Ненароком

Ненароком

(рассказ)

Звездным январским вечером накануне Рождества в пивном зале на Тверской собрались старые друзья, однокашники, лет пятнадцать не видевшие друг друга и воспылавшие вдруг, как это иногда бывает, желанием повидаться, чтобы посмотреть, кто во что превратился. Первоначальная скованность, обычно сопутствующая такого рода встречам, скоро улетучилась. Подали вторую пару чешского пива с закуской в виде перламутровых ломтиков сырокопченой сардинеллы на кружках жареного козьего сыра, и уже через час разговор вошел в то русло, в каком обычно он протекает между пожившими, остепенившимися, спокойными за свой житейский статус, давно знакомыми собутыльниками.
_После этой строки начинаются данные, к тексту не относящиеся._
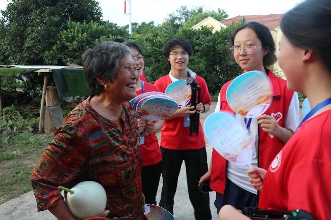 在走访过程中,队员们观察到茅圻村的青壮年村民大多已外出打工,留在村中居住的多为留守老人和留守儿童。村里的老人们看到余巧和实践队的来访,倍感欣喜,纷纷聚拢来打招呼寒暄。实践队员们为村民送上凉扇,并与老人家们拉起家常,询问他们的身体健康和生产生活情况。在与老人们交流的过程中,村民们对余巧和“巧巧工作室”的志愿者赞不绝口,“有困难找余巧,有烦恼找余巧”已成为村民们的口头禅。
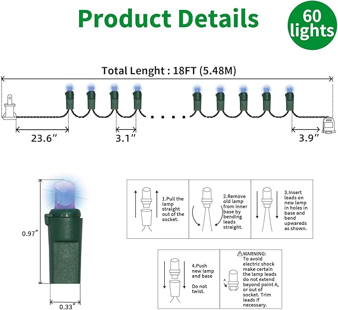 - 5mm LED Christmas Lights: 60 counts Blue 5mm wide angle stable LED string lights spaced 3.1 inches apart with green wire. 23.6 inch leads have a stackable male plug and 3.9 inch tails have a female plug for easy end to end connection.
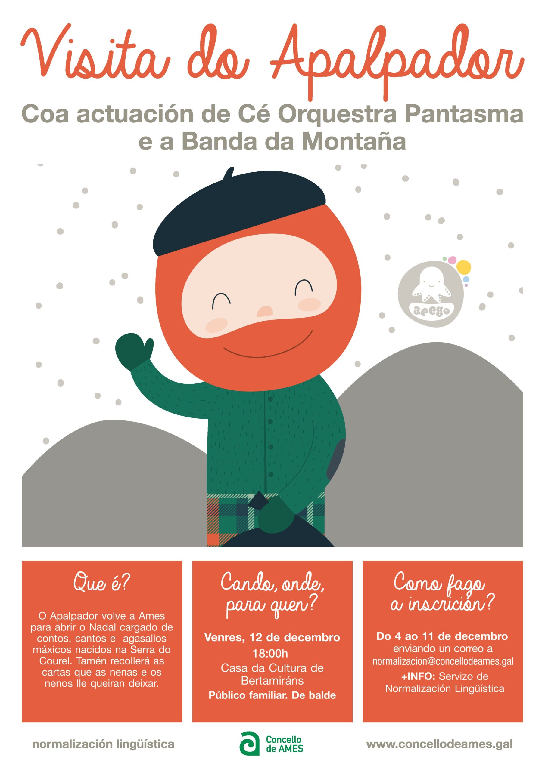 Ames, 4 de decembro de 2025.- O Apalpador visitará Ames o vindeiro venres 12 de decembro, ás 18.00 horas na Casa da Cultura de Bertamiráns. A visita, enmarcada dentro do programa Apego, contará tamén coas actuacións musicais da Banda da Montaña e de Cé Orquestra Pantasma. Para asistir, é preciso facer unha inscrición previa enviando un correo ao enderezo normalizacion@concellodeames.gal, indicando nome e apelidos dos asistentes, idade dos cativos e un teléfono de contacto. O prazo de inscrición está aberto do 5 ao 12 de decembro.
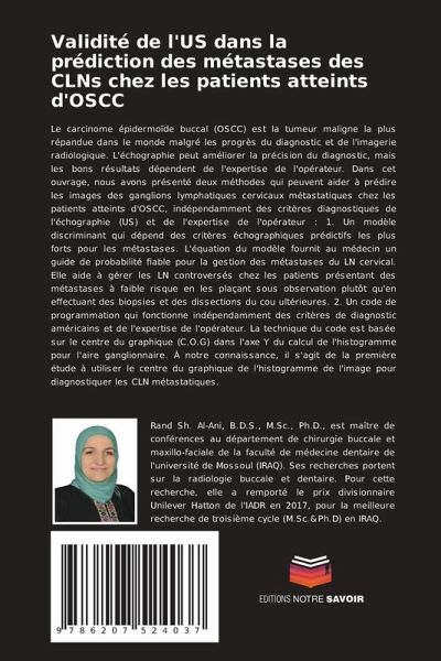 Le carcinome épidermoïde buccal (OSCC) est la tumeur maligne la plus répandue dans le monde malgré les progrès du diagnostic et de l'imagerie radiologique. L'échographie peut améliorer la précision du diagnostic, mais les bons résultats dépendent de l'expertise de l'opérateur. Dans cet ouvrage, nous avons présenté deux méthodes qui peuvent aider à prédire les images des ganglions lymphatiques cervicaux métastatiques chez les patients atteints d'OSCC, indépendamment des critères diagnostiques de l'échographie (US) et de l'expertise de l'opérateur : 1. Un modèle discriminant qui dépend des critères échographiques prédictifs les plus forts pour les métastases. L'équation du modèle fournit au médecin un guide de probabilité fiable pour la gestion des métastases du LN cervical. Elle aide à gérer les LN controversés chez les patients présentant des métastases à faible risque en les plaçant sous observation plutôt qu'en effectuant des biopsies et des dissections du cou ultérieures. 2. Un code de programmation qui fonctionne indépendamment des critères de diagnostic américains et de l'expertise de l'opérateur. La technique du code est basée sur le centre du graphique (C.O.G) dans l'axe Y du calcul de l'histogramme pour l'aire ganglionnaire. À notre connaissance, il s'agit de la première étude à utiliser le centre du graphique de l'histogramme de l'image pour diagnostiquer les CLN métastatiques.
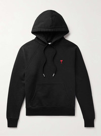 AMI PARIS' hoodie is embroidered with the label's signature 'Ami de Coeur' motif in contrasting red threads – designer Alexandre Mattiussi uses the same symbol when signing cards. It's cut from soft organic cotton-jersey in a relaxed shape and has a roomy pouch pocket. Size & Fit - Fits true to size. Take your normal size - Designed for a slightly loose fit - Mid-weight, slightly stretchy fabric - Model is shown wearing a M - S/M/L sizing Details & Care - Black organic cotton-blend jersey - 99% organic cotton, 1% elastane - Machine wash

Посмеялись, поболтали о работе, о женщинах, о футболе, стравили все, какие знали, байки, перебрали тех, кого еще помнили, и плавно переместились в сферу душевных признаний, согретых пьянящими парами первосортного хмеля. После мисливецких колбасок с картофельными галушками, запеченными с кинзой и брынзой, разговор коснулся сокровенного.

Отставной майор Бекасов, сутулый мужчина с пухлым лицом, на котором, словно на клею, порочной щеточкой сидели тонкие усики, в клетчатом пиджаке с засаленным воротом и при дорогих часах на запястье, грузно осел на локти и осмотрел своих друзей.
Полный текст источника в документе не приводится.